持续更新(last upd 2019.4.28)
ZJOI2014 力
解法
对原式进行转换,然后卷积FFT套上去求解就可以了。
推导过程简洁版:
\[F_i=\sum_{j<i} \frac{q_iq_j}{(i-j)^2}-\sum_{j>i} \frac{q_iq_j}{(i-j)^2}\]
\[E_i=\sum_{j=1}^{i-1}\frac{q_j}{(i-j)^2}-\sum_{j=i+1}^{n}\frac{q_j}{(j-i)^2}\]
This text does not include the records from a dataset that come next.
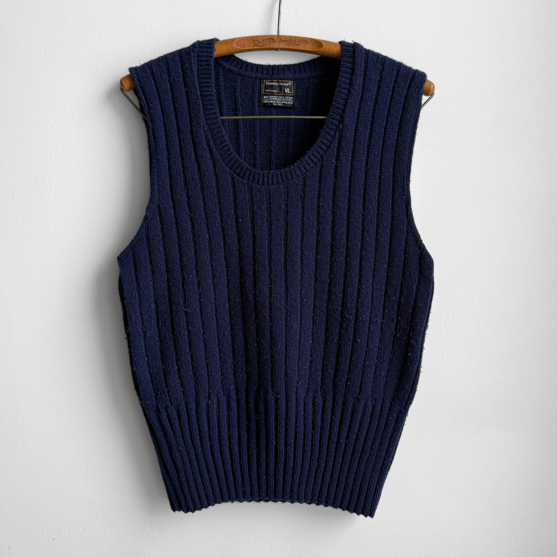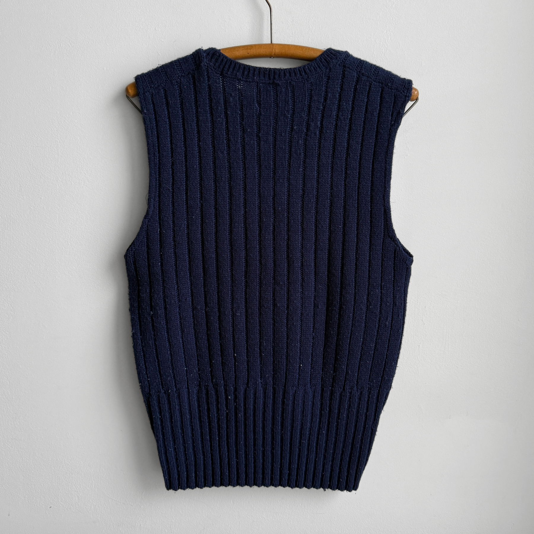 1970s Navy Blue Ribbed Knit Sweater Vest
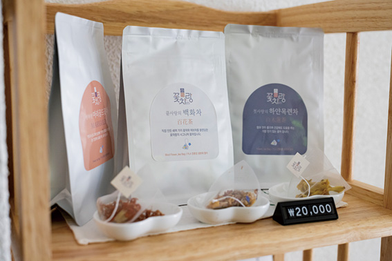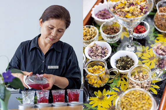 季節の花をお茶として楽しむ花茶(コッチャ)。香り・視覚・味を通じてリラクゼーションが体験できます。店ではオーナー自ら、無農薬で栽培された花を乾燥や冷凍で保存しており、体調や好みに合わせて数種類出してくれるコースも。お土産用のティーバックなら自宅でも手軽に楽しめますね!
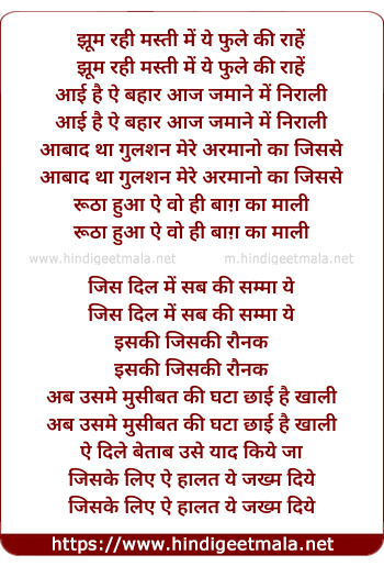 Lyrics of Jhoom Rahi Masti Me - झूम रही मस्ती में ये फुले की राहें
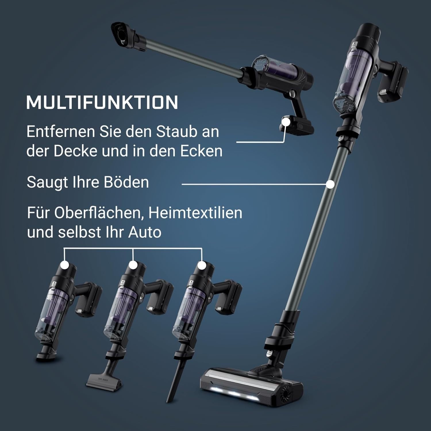 • VIELSEITIGKEIT: Verwenden Sie den Akku-Stabstaubsauger ganz einfach als Handstaubsauger und dank seines vielseitigen Zubehörs auch für Möbel und Fugen
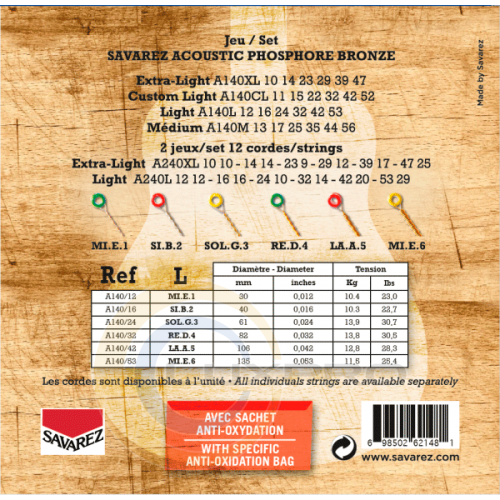 A140L — это струны для акустических гитар, с закаленным сердечником из высокоуглеродистой стали и обмоткой из фосфорной бронзы. Струны отличаются чистыми, четкими и теплыми тонами. Очень специфичное качество звука, проекция и громкость звука, динамика и баланс игры были определены известными и хорошо знаю гитаристами. Они играли строки бескомпромиссно в течение нескольких месяцев. Их советы и обратные связи были решающими.

\[E_i=\sum^{i-1}_{j=1}q_jf_{i-j}-\sum^n_{j=i+1}q_jf_{j-i}\]
对以上的式子前后分别做FFT就可以了
主程序(大致框架)
int main() {
read(n);
for (int i = 1; i <= n; i ++) {
db x; scanf("%lf", &x);
a[i].x = c[n - i + 1].x = x; b[i].x = d[i].x = 1.0 / sqr(i * 1.0);
}
limit = 1; while (limit <= (n << 1)) limit <<= 1, l ++;
for (int i = 0; i < limit; i ++) r[i] = (r[i >> 1] >> 1) | ((i & 1) << (l - 1));
FFT(a, 1); FFT(b, 1);
for (int i = 0; i < limit; i ++) a[i] = a[i] * b[i];
FFT(a, -1);
FFT(c, 1); FFT(d, 1);
for (int i = 0; i < limit; i ++) c[i] = c[i] * d[i];
FFT(c, -1);
for (int i = 1; i <= n; i ++) printf("%.3lf\n", a[i].x - c[n - i + 1].x);
return 0;
}